Only the pictures should be left out; repeat the rest of the data exactly.

__Recorded data__:
******************************

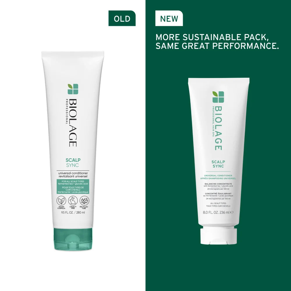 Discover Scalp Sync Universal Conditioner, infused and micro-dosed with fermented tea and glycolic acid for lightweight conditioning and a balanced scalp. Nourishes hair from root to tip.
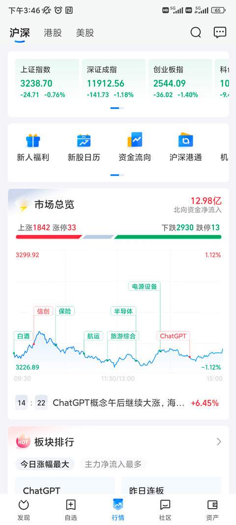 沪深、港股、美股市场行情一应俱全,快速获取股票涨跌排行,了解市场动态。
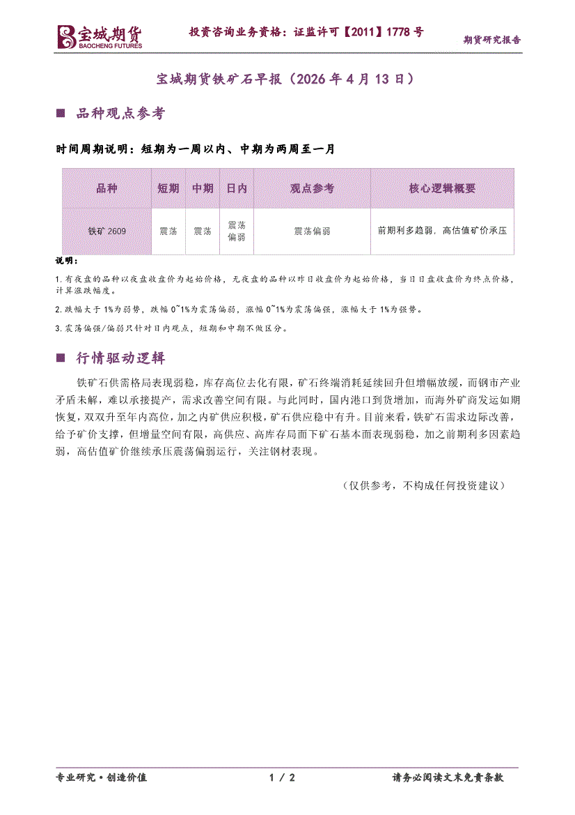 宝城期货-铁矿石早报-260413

******************************

__Response to this exercise__:
 Discover Scalp Sync Universal Conditioner, infused and micro-dosed with fermented tea and glycolic acid for lightweight conditioning and a balanced scalp. Nourishes hair from root to tip.
 沪深、港股、美股市场行情一应俱全,快速获取股票涨跌排行,了解市场动态。
 宝城期货-铁矿石早报-260413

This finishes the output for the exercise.